--- WORK INSTRUCTION ---
Using the data below, reproduce exactly the lines from the line with "the total 403" to the line with "All investing involves", both included; pictures must be dropped.

--- RECORDS SUPPLIED ---
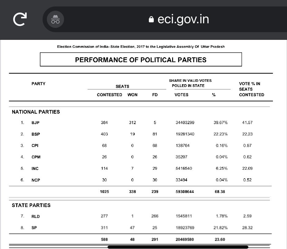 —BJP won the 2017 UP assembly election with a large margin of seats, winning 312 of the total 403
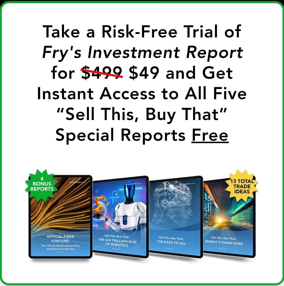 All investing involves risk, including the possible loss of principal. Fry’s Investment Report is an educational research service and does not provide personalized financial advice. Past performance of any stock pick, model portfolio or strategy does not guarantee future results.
--
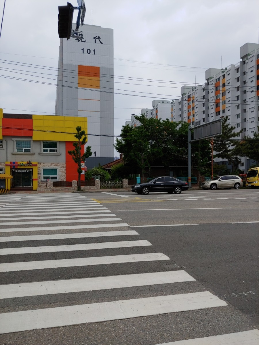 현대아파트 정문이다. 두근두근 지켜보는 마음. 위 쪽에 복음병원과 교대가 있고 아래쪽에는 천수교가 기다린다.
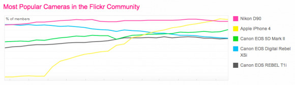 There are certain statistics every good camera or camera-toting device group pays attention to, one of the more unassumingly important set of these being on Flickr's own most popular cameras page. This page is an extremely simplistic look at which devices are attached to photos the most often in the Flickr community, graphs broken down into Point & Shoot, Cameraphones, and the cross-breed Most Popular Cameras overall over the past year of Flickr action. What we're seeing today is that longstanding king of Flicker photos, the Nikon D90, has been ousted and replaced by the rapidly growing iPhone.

--- WRITTEN ANSWER ---
 —BJP won the 2017 UP assembly election with a large margin of seats, winning 312 of the total 403
 All investing involves risk, including the possible loss of principal. Fry’s Investment Report is an educational research service and does not provide personalized financial advice. Past performance of any stock pick, model portfolio or strategy does not guarantee future results.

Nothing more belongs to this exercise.